Nos hemos acomodado. Hemos entrado en la espiral de la
sociedad de consumo, hasta llegar a valorar más lo que se tiene que lo que se
es. Los logros científicos y las investigaciones en las diferentes ramas del
saber nos han ensoberbecido. Alimentamos un ego idolátrico de sí mismo, bebemos
el veneno de la autosuficiencia. Estas ideologías adormecedoras del sentido
vital de nuestra fe nos han llevado a seguir un rumbo hacia el abismo. Huimos
de todo lo que significa esfuerzo, entrega, renuncia, sacrificio. La crisis del
sistema económico liberal no es otra cosa que la consecuencia de una
fragmentación profunda del hombre. Cuando renuncia a su propia naturaleza,
ligada a lo trascendente, pierde toda referencia ética y genera situaciones
contradictorias: ha perdido parte de su esencia como ser humano y está a merced
de sus caprichos. Gradualmente pierde su libertad, hasta desintegrarse su ser
más íntimo y convertirse en esclavo de modas, ideologías y de su propia
vanagloria. Todo se relativiza: la familia, la moral… Nada es para siempre. Se
pierde el valor del compromiso, de la fidelidad y, sin darnos cuenta, en aras a
una libertad ideológica y ficticia, nos convertimos en esclavos de las
dictaduras que nos envuelven en una situación de seudo-bienestar y
seudo-libertad que amputan lo esencial de nuestra dignidad.
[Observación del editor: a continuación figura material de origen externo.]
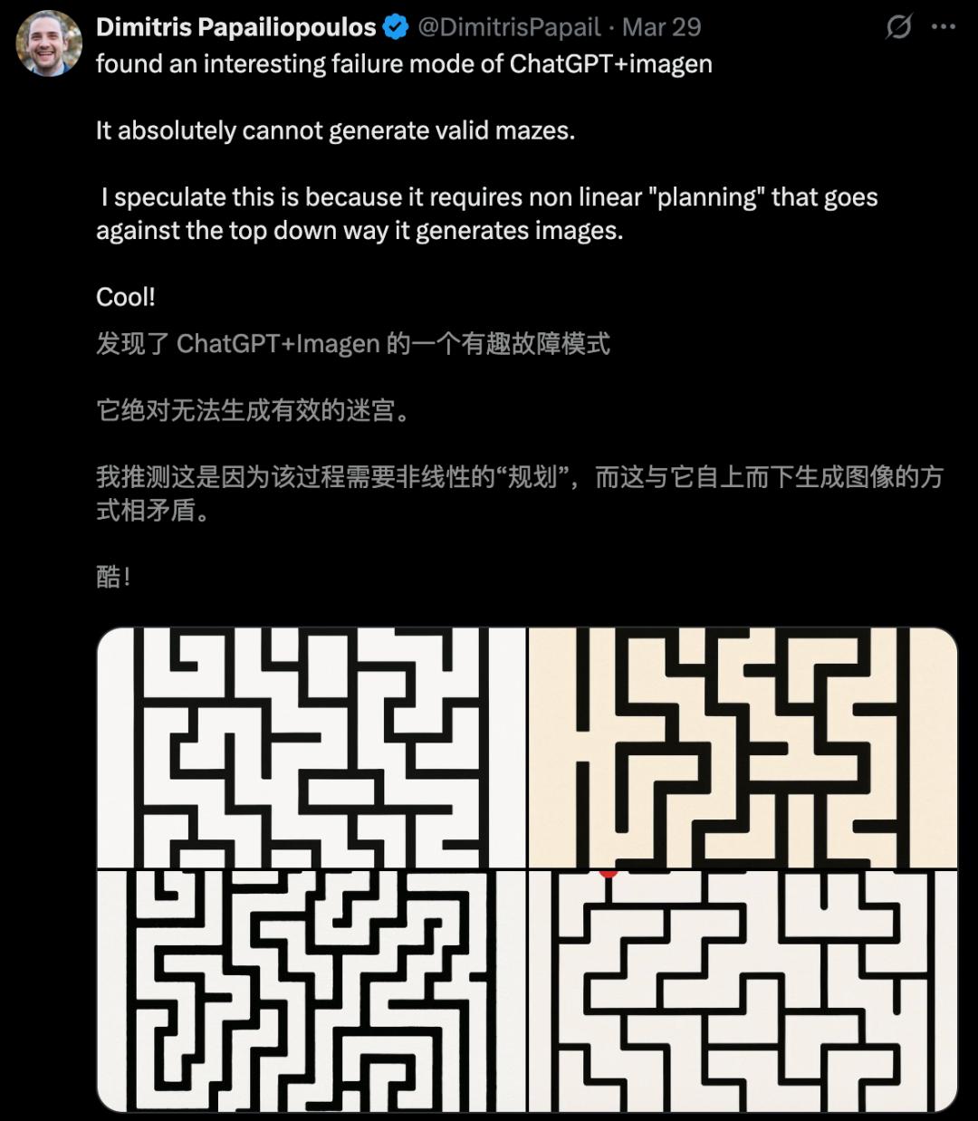 在估算距离、方向和尺寸,或通过从新角度生成图像来进行物体的「心理旋转」等任务上,最先进的MLLM模型的表现鲜有超过随机猜测的。它们无法走出迷宫、识别捷径或预测基本的物理现象。AI生成的视频——尽管初露锋芒,且的确酷炫——通常在几秒钟后便会失去连贯性。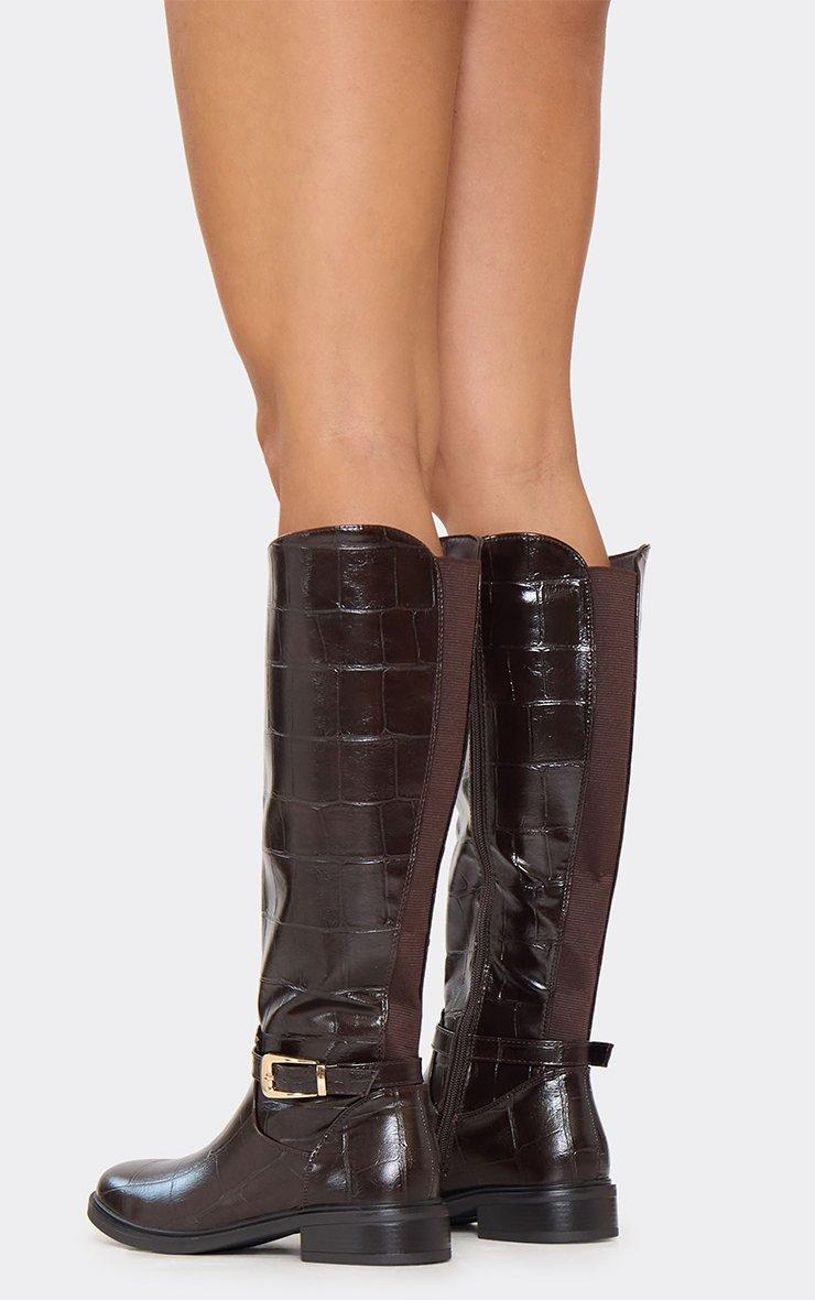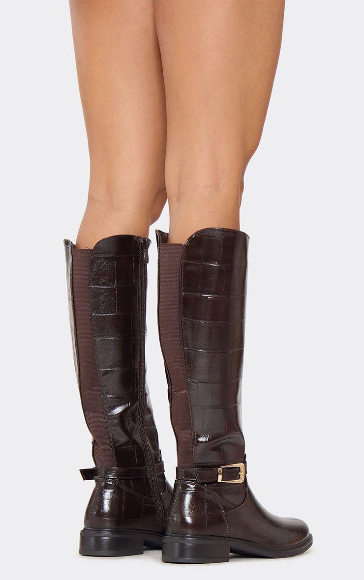 Jarnex Buckle Detail Knee High Flat Boot In Brown Check Print Faux Leather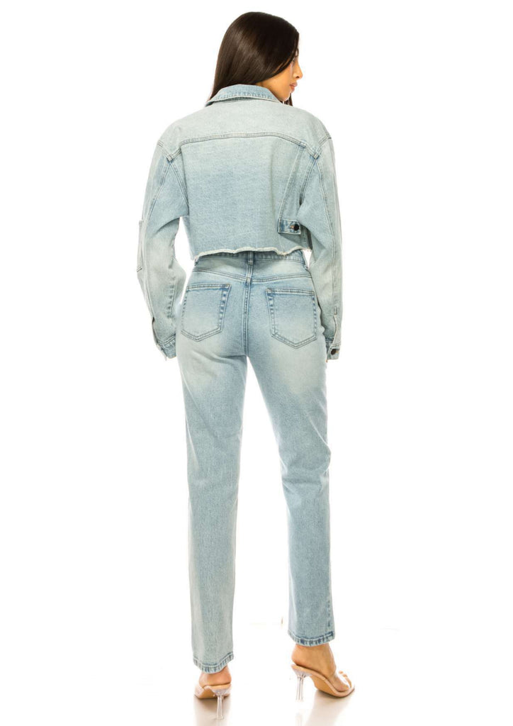 This cropped denim jacket features a light color wash and is designed with detailed pockets, making it a stylish addition to any wardrobe. Crafted from 99% cotton and 1% spandex, it offers both comfort and flexibility, perfectly complementing a cropped crop top and high-rise jeans for a trendy, casual look.

¿Cómo vivimos nuestra fe dos mil años después?
No nos excusemos en una sutil persecución ideológica, ni en
la crítica feroz a la Iglesia por parte de aquellas corrientes hostiles a la fe
cristiana, o en el auge de otras formas de vivir la espiritualidad, según diversas
filosofías que hay detrás. Cuando Jesús pregunta a sus discípulos ¿quién dice
la gente que soy yo?, aquí está la clave. ¿Quién es hoy, para nosotros, Jesús?
¿Es alguien capaz de hacernos vibrar, produciendo en nosotros una profunda
transformación? Jesús cambió radicalmente la vida de aquellos sencillos
galileos. ¿Qué les ocurrió, que el encuentro con Jesús los impactó de tal
manera? ¿Qué pasó en sus corazones, que lo dejaron todo e iniciaron una
aventura apasionante y desconocida para ellos, sin importarles el riesgo ni el
mañana? Fue una locura, que ocurre cuando uno queda atrapado por un amor
desbordante.
Si no nos volvemos a enamorar de Cristo no podremos
revitalizar la Iglesia. Ya estamos dentro de ella. ¿Qué nos pasa? No la
convirtamos en un ataúd, sino en una casa abierta, rebosante de vida. Para ello
hemos de abrir nuestro corazón y dejarnos interpelar por Jesús. Él ya está con
nosotros, jamás nos ha abandonado. ¿Hasta cuándo nosotros seguiremos alejados
de él, acomodados en una fe que se limita a cumplir preceptos y añorar tiempos
mejores? Creamos, de verdad, que está vivo y que nos llama, cada día.